## The records

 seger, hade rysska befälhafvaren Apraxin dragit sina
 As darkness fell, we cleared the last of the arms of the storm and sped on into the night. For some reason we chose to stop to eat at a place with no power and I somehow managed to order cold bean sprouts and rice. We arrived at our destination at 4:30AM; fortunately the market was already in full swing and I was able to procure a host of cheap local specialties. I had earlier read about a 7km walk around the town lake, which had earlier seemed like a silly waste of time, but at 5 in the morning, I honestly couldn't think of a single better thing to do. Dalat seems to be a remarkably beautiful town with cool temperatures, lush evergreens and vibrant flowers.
...
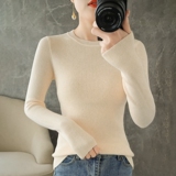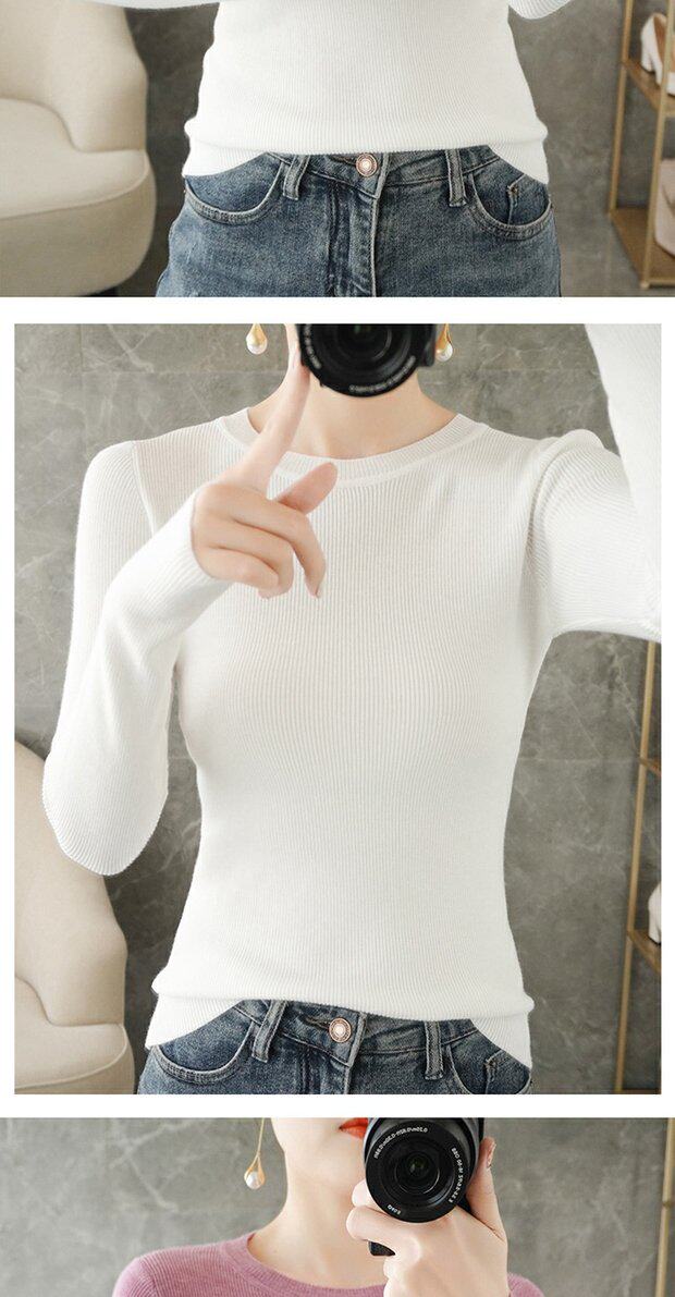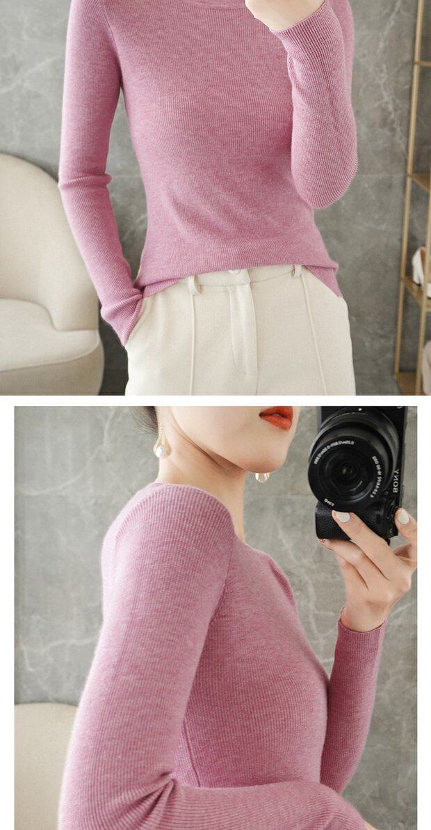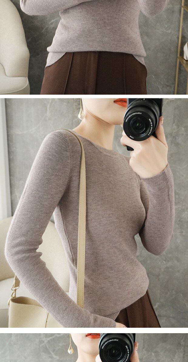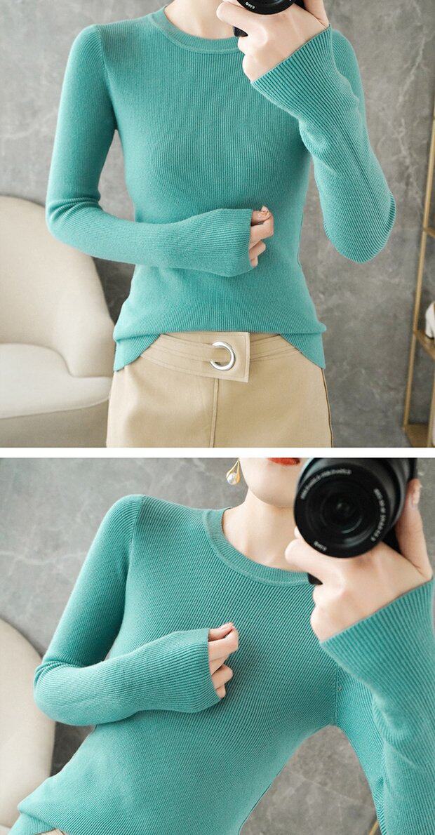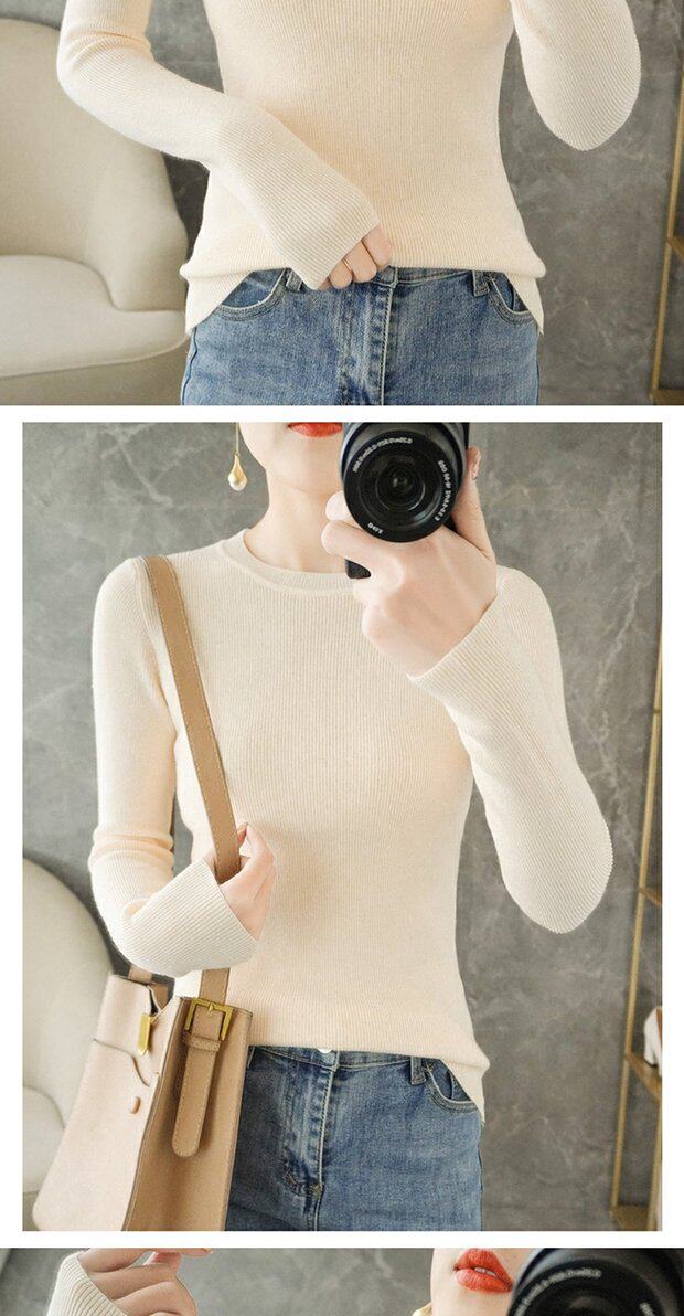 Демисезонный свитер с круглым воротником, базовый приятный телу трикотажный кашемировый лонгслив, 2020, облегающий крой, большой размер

## Your instructions
In the entries above, find the line holding "seger, hade rysska" and the line holding "As darkness fell, we"; print both of them and every line between, exactly, and nothing else.

## Answer to the exercise
 seger, hade rysska befälhafvaren Apraxin dragit sina
 As darkness fell, we cleared the last of the arms of the storm and sped on into the night. For some reason we chose to stop to eat at a place with no power and I somehow managed to order cold bean sprouts and rice. We arrived at our destination at 4:30AM; fortunately the market was already in full swing and I was able to procure a host of cheap local specialties. I had earlier read about a 7km walk around the town lake, which had earlier seemed like a silly waste of time, but at 5 in the morning, I honestly couldn't think of a single better thing to do. Dalat seems to be a remarkably beautiful town with cool temperatures, lush evergreens and vibrant flowers.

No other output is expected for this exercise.